A Cannes 76 è arrivato l’uragano Martin Scorsese: il suo nuovo film Killers of the Flower Moon, realizzato per Apple TV+ e che approderà nelle sale italiane il 19 ottobre con 01 Distribution – dopo il passaggio Fuori Concorso sulla Croisette -, in contemporanea con l’uscita mondiale, è un crime epico basato su una storia vera: una sequenza di omicidi brutali, e misteriosi, nota con il nome di “regno del terrore”, che insanguinarono la nazione Osage negli anni ’20. Nel cast del film, tratto dall’acclamato, omonimo best seller di David Grann, oltre ai protagonisti assoluti Robert De Niro e Leonardo DiCaprio, anche Jesse Plemons, Lily Gladstone e Brendan Fraser, fresco vincitore dell’Oscar per The Whale.
Nel film vediamo come, all’inizio del XX secolo, la scoperta del petrolio trasformò l’esistenza degli Osage, che diventarono da un giorno all’altro immensamente ricchi. L’improvviso benessere di questi nativi americani attirò l’interesse dei bianchi, che iniziarono a manipolare, estorcere e sottrarre con l’inganno i beni degli Osage fino a ricorrere all’omicidio.
Il film è stato accolto in modo trionfale ieri sera, 20 maggio, al Palais di Cannes per la proiezione ufficiale di gala della première mondiale, con una standing ovation della durata di 9 minuti, tra le più lunghe fatte registrare dal festival finora. Scorsese, questa mattina in conferenza stampa, ha parlato di quanto i suoi incontri con i leader degli Osage abbiano influenzato in profondità il suo processo creativo: «Ho capito quando ho sentito quali sono i loro valori sull’amore, il rispetto e l’amore per la terra – e non sto parlando di trasformare ciò in una questione politica. Parlo davvero di come vivere su questo pianeta. Volevo sapere tutto quello che potevo su di loro. È travolgente… Più scoprivo, più volevo inserire nel film».

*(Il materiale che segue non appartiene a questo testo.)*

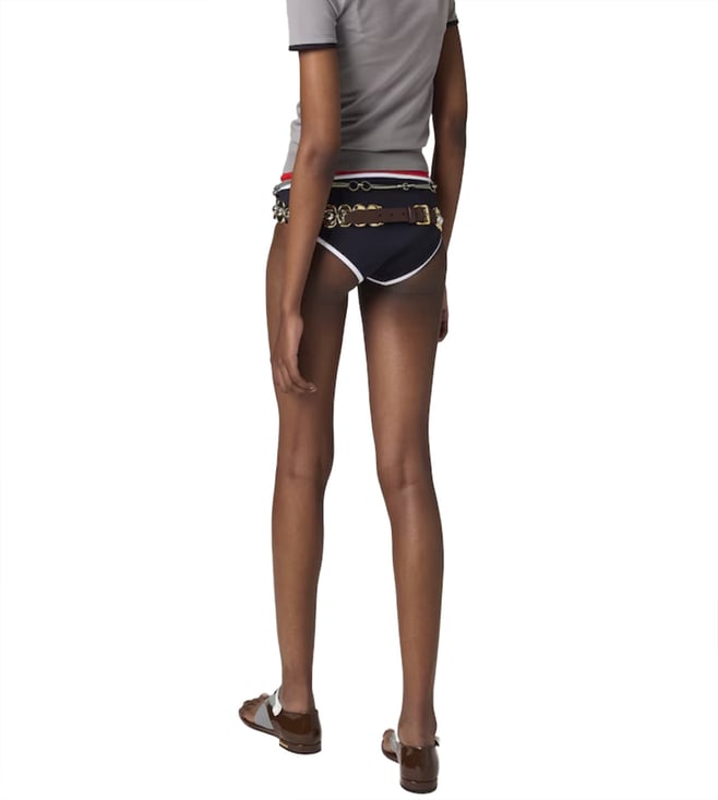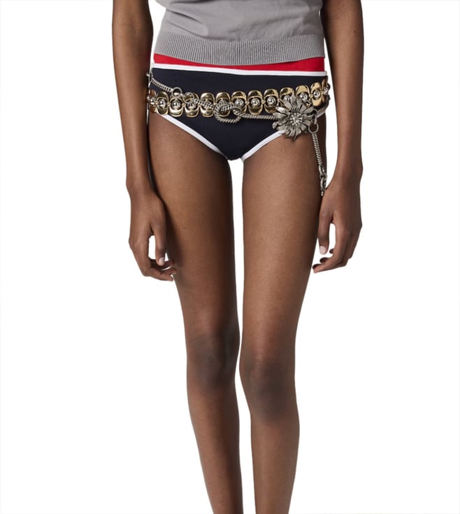 Introducing the Miu Miu Blue Technical-bikini Bottom, a stylish and versatile piece that features Elasticated waistband, contrasting trim, logo patch to the rear. Perfect for adding a touch of elegance to your wardrobe, this piece offers comfort and flair. Ideal for various occasions, it's designed to enhance your unique style with its detailed craftsmanship and modern appeal.

«Con questa tragedia di amore, fiducia tradita, di criminalità e di morte abbiamo cercato di restituire giustizia alla popolazione degli Osage, i cui valori mi hanno guidato e ispirato, la loro visione del mondo ha accompagnato il processo – ha spiegato il maestro italo-americano -. Un film in cui tutti coloro che ci hanno lavorato hanno messo lavoro e calore. Arriva tutto dal cuore, e sapevo che sarebbe stato molto commovente ricevere la standing ovation che ci hanno tributato alla fine della proiezione, una celebrazione speciale per chi ha subito delle ingiustizie». In conferenza anche l’attuale capo della tribù Osage, che dice: «La nostra gente soffre ancora per quel tradimento, ma posso dire a nome di tutti che Scorsese, il suo cast e la sua crew ci hanno restituito la fiducia e la gioia della vita».

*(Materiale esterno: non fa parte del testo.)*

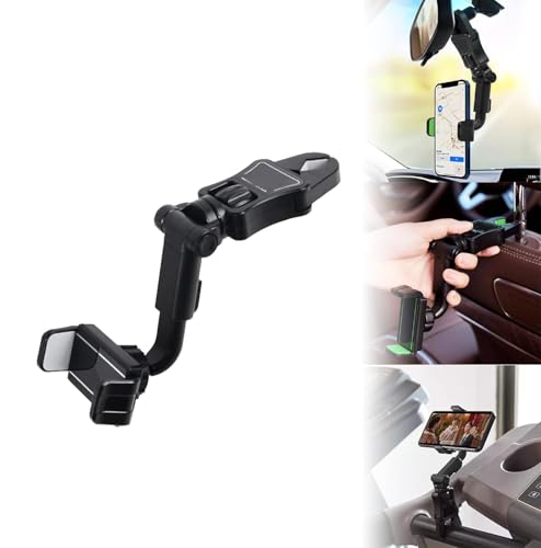 Generic - حامل موبايل للسيارة، يثبت في مراة الرؤية الخلفية ويعلق في المقعد بمشبك قابل للتعديل، تصميم عالمي متعدد الاستخدامات وقابل للدوران بزاوية 360 درجة (مشبك - رمادي) (كود:4227) - من كابر تريد

Nel corso dell’incontro con i giornalisti non è mancato un riferimento a Donald Trump, l’ex presidente americano e potenziale candidato alle elezioni presidenziali USA del 2024, com’è noto molto inviso a Robert De Niro. L’attore ha accostato la sua figura politica e il personaggio che interpreta nel film, un uomo che finge di essere un alleato della nazione Osage negli anni ’20, per poi tradirli e supervisionare una serie di brutali omicidi nella sua ricerca della ricchezza. «Lo vediamo oggi e sai di chi sto parlando, ma non dirò il suo nome– ha detto De Niro – Quel ragazzo è stupido».

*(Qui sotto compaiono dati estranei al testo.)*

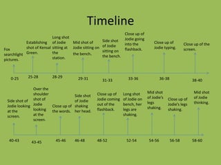 The document contains planning details for an opening film sequence. It includes a timeline with shots listed and descriptions, details on music choices, scripts, storyboards, and meeting records for coordinating the project. Key details include shots of the main character Jodie at a train station thinking and having flashbacks, discussions on costume and prop choices, and coordination of ideas among the group to complete the planning.
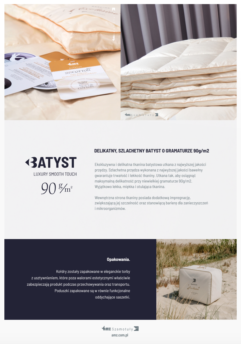 • Tkanina pokryciowa: delikatny, szlachetny batyst - 100% bawełna o gramaturze 90g/m2

«È lì e dobbiamo tenerlo d’occhio molto da vicino – ha proseguito – Ci sono persone che pensano che Trump possa fare un buon lavoro. Immagina quanto sia folle. Comunque sono felice di essere qui con Marty dopo così tanto tempo. Ero stato al Festival con Scorsese l’ultima volta nel lontano 1976, vincendo la Palma d’oro per Taxi Driver. In realtà io non ho ancora capito in profondità il mio personaggio, Bill “King” Hale, ma posso dire di lui che esibendo ostinatamente grazia e cortesia ha fatto sì che il male si potesse insinuare, un dato al quale dobbiamo sempre stare attenti, perché è parte di una catena oscura su cui si regge la complessità dei nostri comportamenti. Purtroppo ne vediamo di continuo».
Ha detto invece Leonardo DiCaprio, a proposito di Scorsese e De Niro: «Sono cresciuto con loro e hanno influenzato intere generazioni di attori come me. Marty esprime un’incredibile perseveranza e la voglia di arrivare alla verità profonda: credo che sia la sua grandezza più autentica, insieme al rispetto che ha per la storia del cinema. L’influenza dei grandi cineasti del passato che lo hanno reso il regista che è adesso».